WORK INSTRUCTION: Take the material below and reproduce, word for word, only the lines from the line with "Done for the" through the line with "270대 1로 더 높아져".
(RECORDS FOR THIS EXERCISE Opens)
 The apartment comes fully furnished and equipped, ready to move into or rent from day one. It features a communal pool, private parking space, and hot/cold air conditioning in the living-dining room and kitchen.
(RECORDS FOR THIS EXERCISE Closes)
(RECORDS FOR THIS EXERCISE Opens)
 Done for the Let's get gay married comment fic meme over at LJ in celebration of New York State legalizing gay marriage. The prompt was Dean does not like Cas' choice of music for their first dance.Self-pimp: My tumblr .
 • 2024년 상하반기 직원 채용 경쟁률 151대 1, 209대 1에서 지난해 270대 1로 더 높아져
(RECORDS FOR THIS EXERCISE Closes)
(RECORDS FOR THIS EXERCISE Opens)
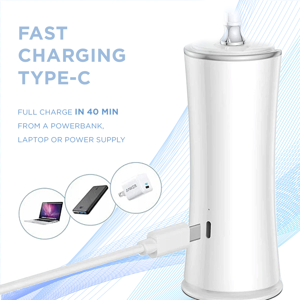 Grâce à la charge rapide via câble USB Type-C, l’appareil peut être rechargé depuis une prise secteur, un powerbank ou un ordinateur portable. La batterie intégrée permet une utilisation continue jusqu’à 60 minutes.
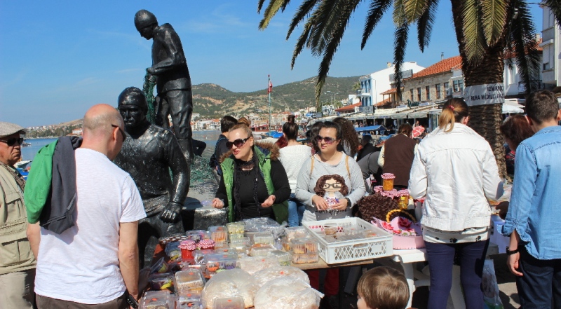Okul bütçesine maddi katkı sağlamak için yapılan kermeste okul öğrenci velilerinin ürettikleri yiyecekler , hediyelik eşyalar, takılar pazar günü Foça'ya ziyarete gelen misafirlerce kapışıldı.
(RECORDS FOR THIS EXERCISE Closes)
SOLUTION FOR THIS TASK:
 Done for the Let's get gay married comment fic meme over at LJ in celebration of New York State legalizing gay marriage. The prompt was Dean does not like Cas' choice of music for their first dance.Self-pimp: My tumblr .
 • 2024년 상하반기 직원 채용 경쟁률 151대 1, 209대 1에서 지난해 270대 1로 더 높아져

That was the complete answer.